The Singapore Exchange Centre in Shenton Way. PHOTO: ST FILE

SINGAPORE (THE BUSINESS TIMES) - The following companies saw new developments that may affect trading of their securities on Thursday (Dec 12):

The Straits Trading Company: The company on Wednesday said its unit has entered into conditional deals to divest four freehold residential properties in Osaka for 8.25 billion yen (S$100 million), realising an 890 million yen gain (S$11 million). The unit - Straits Real Estate - had entered into conditional sale and purchase agreements for the four properties, which were acquired in 2016 and 2017 for 7.36 billion yen in total. Straits Trading shares rose four cents or 1.94 per cent to $2.10 on Wednesday before the announcement.

Keppel DC Reit: The real estate investment trust on Thursday said it will be acquiring its second data centre in Germany for 81.8 million euros (S$125.3 million).

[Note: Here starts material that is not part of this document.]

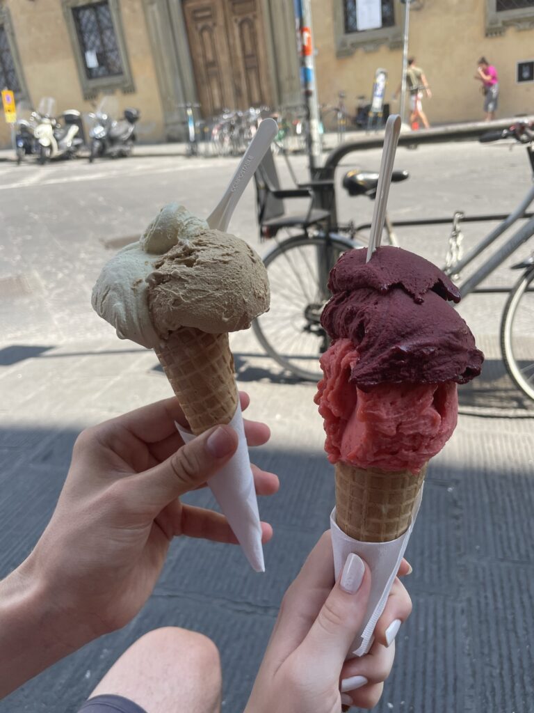 Po prodírání mezi turisty jsme chtěli nechat odpočinout nohy a vypravili se do zahrad Boboli u paláce Pitti. Za studentskou cenu 2 eura za osobu jsme se dostali dovnitř a našli jsme si plácek ve stínu a chvilku si oddychli. Při cestě zpět do centra jsme museli skočit na zmrzlinu a zatím to byla ta nejlepší a největší porce.

This will be the Reit's eighth data centre in Europe. The deal is expected to be completed in 2020 and would likely be fully funded by debt. Keppel DC Reit units closed at $2.00 on Wednesday, down 1.5 per cent or three cents before the announcement.

Yoma Strategic Holdings: The Myanmar-focused investment holding company on Wednesday night said it will earmark US$21.9 million, or about one-fifth of the proceeds from the first tranche of its placement shares, for investments in its real estate business. Yoma Strategic shares closed at 35 cents on Wednesday, down 1.4 per cent, or 0.5 cent, before this announcement.

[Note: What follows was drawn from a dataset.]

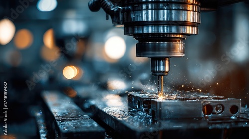 Precision Machining Process with Spark Creation from Metal Cutting Tool in Industrial Workshop Environment

PACC Offshore Services Holdings (POSH): The cash offer for the mainboard-listed firm has turned unconditional, following the offeror having received valid acceptances which will result in the offeror holding not less than 90 per cent of the outstanding shares. The closing date for the offer has also been extended from 5.30pm on Dec 18 to 5.30pm on Jan 2, 2020, with no further extension. POSH shares closed unchanged at $0.215 on Wednesday before the announcement was made.

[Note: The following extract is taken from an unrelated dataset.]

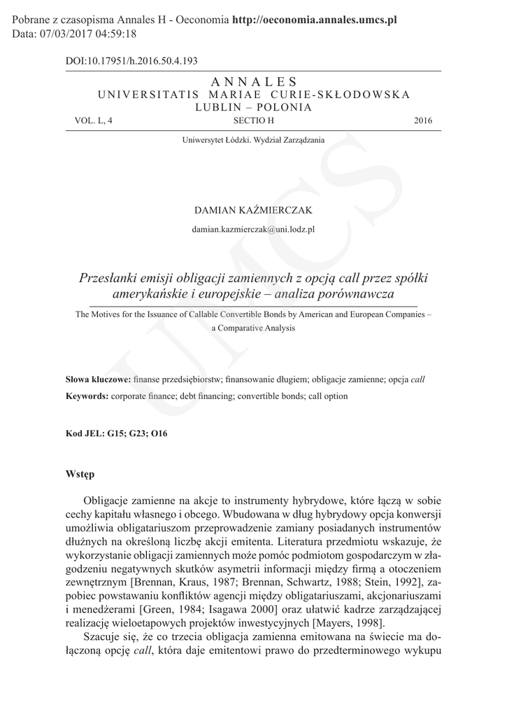 Pobrane z czasopisma Annales H - Oeconomia http://oeconomia.annales.umcs.pl Data: 07/03/2017 04:59:18 DOI:10.17951/h.2016.50.4.193 ANNALES U N I V E R S I TAT I S M A R I A E C U R I E - S K Ł O D O W S K A LU BLI N – P O L ONIA VOL. L, 4 SECTIO H 2016 CS Uniwersytet Łódzki. Wydział Zarządzania DAMIAN KAŹMIERCZAK [email protected] M Przesłanki emisji obligacji zamiennych z opcją call przez spółki amerykańskie i europejskie – analiza porównawcza The Motives for the Issuance of Callable Convertible Bonds by American and European Companies – U a Comparative Analysis Słowa kluczowe: finanse przedsiębiorstw; finansowanie długiem; obligacje zamienne; opcja call Keywords: corporate finance; debt financing; convertible bonds; call option Kod JEL: G15; G23; O16 Wstęp Obligacje zamienne na akcje to instrumenty hybrydowe, które łączą w sobie cechy kapitału własnego i obcego. Wbudowana w dług hybrydowy opcja konwersji umożliwia obligatariuszom przeprowadzenie zamiany posiadanych instrumentów dłużnych na określoną liczbę akcji emitenta. Literatura przedmiotu wskazuje, że wykorzystanie obligacji zamiennych może pomóc podmiotom gospodarczym w złagodzeniu negatywnych skutków asymetrii informacji między firmą a otoczeniem zewnętrznym [Brennan, Kraus, 1987; Brennan, Schwartz, 1988; Stein, 1992], zapobiec powstawaniu konfliktów agencji między obligatariuszami, akcjonariuszami i menedżerami [Green, 1984; Isagawa 2000] oraz ułatwić kadrze zarządzającej realizację wieloetapowych projektów inwestycyjnych [Mayers, 1998]. Szacuje się, że co trzecia obligacja zamienna emitowana na świecie ma dołączoną opcję call, która daje emitentowi prawo do przedterminowego wykupu Pobrane z czasopisma Annales H - Oeconomia http://oeconomia.annales.umcs.pl Data: 07/03/2017 04:59:18 194 DAMIAN KAŹMIERCZAK U M CS długu lub przedterminowego wymuszenia konwersji na obligatariuszach. Badacze przekonują, że dołączenie opcji call może, po pierwsze, zabezpieczyć spółkę przed trudnościami z wykupem obligacji w ustalonym terminie zapadalności [Nyborg, 1995; Ekkayokkaya, Gemmill, Koufopoulos, 2012]. Po drugie, może pozwolić jej na złagodzenie sporów agencyjnych między akcjonariuszami a zarządem na tle zbyt ekspansywnej polityki inwestycyjnej realizowanej przez kadrę menedżerską [Isagawa, 2000, 2002]. Po trzecie, może ułatwić menedżerom realizację projektów inwestycyjnych o niepewnej rentowności lub nieznanej dacie realizacji [Mayers, 1998, 2000; Korkeamaki, Moore, 2004; Jung, Sullivan, 2009]. Niniejszy artykuł koncentruje się na wyjaśnieniu roli, jaką pełni opcja call w dłużnym finansowaniu hybrydowym. Celem pracy jest ustalenie przesłanek dołączenia opcji call do obligacji zamiennych wyemitowanych przez spółki amerykańskie i europejskie oraz zweryfikowanie, czy motywy emisji tej formy długu hybrydowego różnią się w zależności od siedziby kraju emitenta. Można domniemywać, że pomimo odmiennych uwarunkowań ekonomicznych i prawnych między poszczególnymi rynkami, przedsiębiorstwa muszą stawiać czoła podobnym problemom bez względu na miejsce prowadzenia swojej działalności. Mogą one dotyczyć m.in. braku funduszy na realizację nowych inwestycji, niskiego poziomu rentowności i nadmiernego zadłużenia. Może zatem się okazać, że krytyka pod adresem badaczy, którzy analizują najbardziej dojrzały i płynny rynek dłużnych instrumentów hybrydowych (czyli rynek amerykański) i uogólniają swoje wnioski na inne rynki (np. europejskie), jest nieuzasadniona. Takie przypuszczenie wpłynęło na sformułowanie głównej hipotezy badawczej H: przesłanki emisji obligacji zamiennych z opcją call przez spółki amerykańskie nie różnią się od motywów emisji tych instrumentów przez przedsiębiorstwa europejskie. Próba badawcza objęła 299 emisji obligacji zamiennych z dołączoną opcją call, przeprowadzonych w latach 2004–2014 przez spółki produkcyjne i usługowe mające swoją siedzibę w Stanach Zjednoczonych, Francji, Niemczech, Wielkiej Brytanii i Holandii (248 emisji na rynku amerykańskim i 51 na rynku europejskim). Weryfikacja przyjętej hipotezy badawczej została przeprowadzona w oparciu o sześć parametrów emisji i 12 wskaźników opisujących ekonomiczno-finansową sytuację emitentów, z wykorzystaniem statystyk opisowych, testów istotności różnic i regresji logistycznej. W pierwszej części artykułu dokonano przeglądu literatury związanej z przesłankami emisji długu hybrydowego z wbudowaną opcją call. W części drugiej przedstawiono opis próby badawczej i metodologię badania empirycznego. Część trzecia zawiera wyniki przeprowadzonej analizy i dyskusję otrzymanych rezultatów. 1. Przegląd literatury Motywy emisji obligacji zamiennych z opcją call są przedmiotem zainteresowania badaczy od początku lat 90. XX w. Zdaniem J. Steina instrumenty te mogą pomóc spółkom w uniknięciu emisji niedowartościowanych akcji i umożliwić im podwyższenie Pobrane z czasopisma Annales H - Oeconomia http://oeconomia.annales.umcs.pl Data: 07/03/2017 04:59:18 PRZESŁANKI EMISJI OBLIGACJI ZAMIENNYCH Z OPCJĄ CALL PRZEZ SPÓŁKI AMERYKAŃSKIE… 195 U M CS kapitału własnego w późniejszym terminie, niejako „tylnymi drzwiami” (through the backdoor), w wyniku realizacji klauzuli call i przedterminowego wymuszenia konwersji na obligatariuszach [Stein, 1992]. Należy zwrócić uwagę, że konwersję długu na akcje będą w stanie wymusić wyłącznie przedsiębiorstwa znajdujące się w relatywnie dobrej sytuacji finansowej, ponieważ tylko w ich przypadku można przypuszczać, że wbudowana w dług hybrydowy opcja konwersji będzie „w cenie” i inwestorzy zdecydują się na zamianę posiadanych instrumentów dłużnych na udziały spółki. Na tej podstawie J. Stein przekonuje, że emisja obligacji zamiennych może stanowić dla rynku pozytywny sygnał odnośnie przyszłej kondycji

XMH Holdings: The mainboard-listed group on Wednesday said it disposed of a subsidiary at a $2.2 million loss, resulting in red ink for its bottom line, which widened to $3.1 million for the second quarter. This came despite a 51.7 per cent increase in revenue from $12.2 million (restated) to $18.5 million for the quarter to October, according to the company's financial results released on Wednesday. XMH shares closed flat at $0.145 on Wednesday before the results were announced.